Don't quote me on this, and give me time to dig, but I could have sworn there was a later subsequent WoB where he elaborated stating they could not (there is one saying they cannot, one saying they can, and then a third more recent one. The more recent one is the one I am referring to). I believe the confusion came in because of what occurred with the oathgate during oathbringer. But again, this is going on memory, and the subsequent WoB may very well not be enough for you. 

Maybe.  However there is some implication in that WoR quote that the lightweavers could do it but where inferior to the elsecallers.

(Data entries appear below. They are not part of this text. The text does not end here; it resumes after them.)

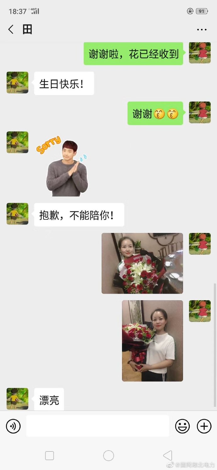 【當(dāng)妻子生日遭遇搶修】8月6日,國網(wǎng)丹江口市供電公司均州供電所員工胡菁收到一束嬌艷欲滴的玫瑰花,原來當(dāng)天是她的生日!當(dāng)她欣喜地感嘆老公“懂板”時,卻收到遠(yuǎn)在牛河供電站丈夫田金安的道歉微信。當(dāng)日,暴雨襲擊了整個丹江口市,在牛河供電站值班的丈夫正忙著搶修,無法趕回來給妻子過生日,只能簡單地在微信上告訴妻子。同為電力職工的胡菁不生氣,她明白,每一家的燈火通明,都有著電網(wǎng)職工的守護(hù)。
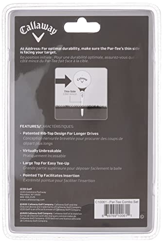 Details: The Callaway par-tee performance tees combo pack includes 4 large 3 1/4" tee for the driver and 2 smaller 1 3/4" tees for irons and hybrids. The par-tee features a co-molded construction with a durable plastic base and rubber Cupped top. The Cupped top helps deliver a low spin launch for added distance. The sharpened tip makes for easy insertion and can double as a divot repair tool. Virtually unbreakable, a single tee can last many rounds if not the entire season.
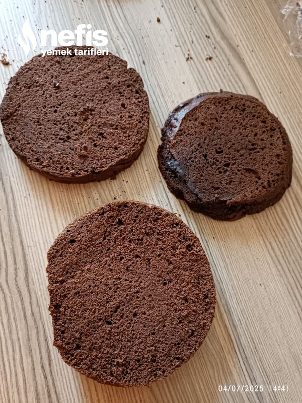 - Bütün gereç hazır olduktan sonra birleştirmemizi yapalım detaylı fotoğrafta koydum oradanda ilerleye bilirsiniz birinci evvel pandispanyamızı üçe bölelim eşit biçimde birinci katımızı çevirme kabına alalım, üstünü sütle ıslatalım.

16 hours ago, IcaroRibeiro said:

However, those are orders from (mainly) scholars, diplomats/politicians (for Elsecallers) and artists (for Lightweavers). Though I believe they learn enough fighting skills to provide support at wars, their use of surges weren't mainly for fighting, but also for research, support, spying and strategic move. As much we don't know the extension of elsecalling, I think it is hard to determine how could them use their surge to teleport themselves. Point is, despite their latent power I doubt they would win in a long-therm battle

My reasoning for Lightweavers is that they could disguise themselves as Radiants from other orders thus avoiding the need to do battle all together until very late in the fight when most of the other orders have exhausted their numbers to some degree.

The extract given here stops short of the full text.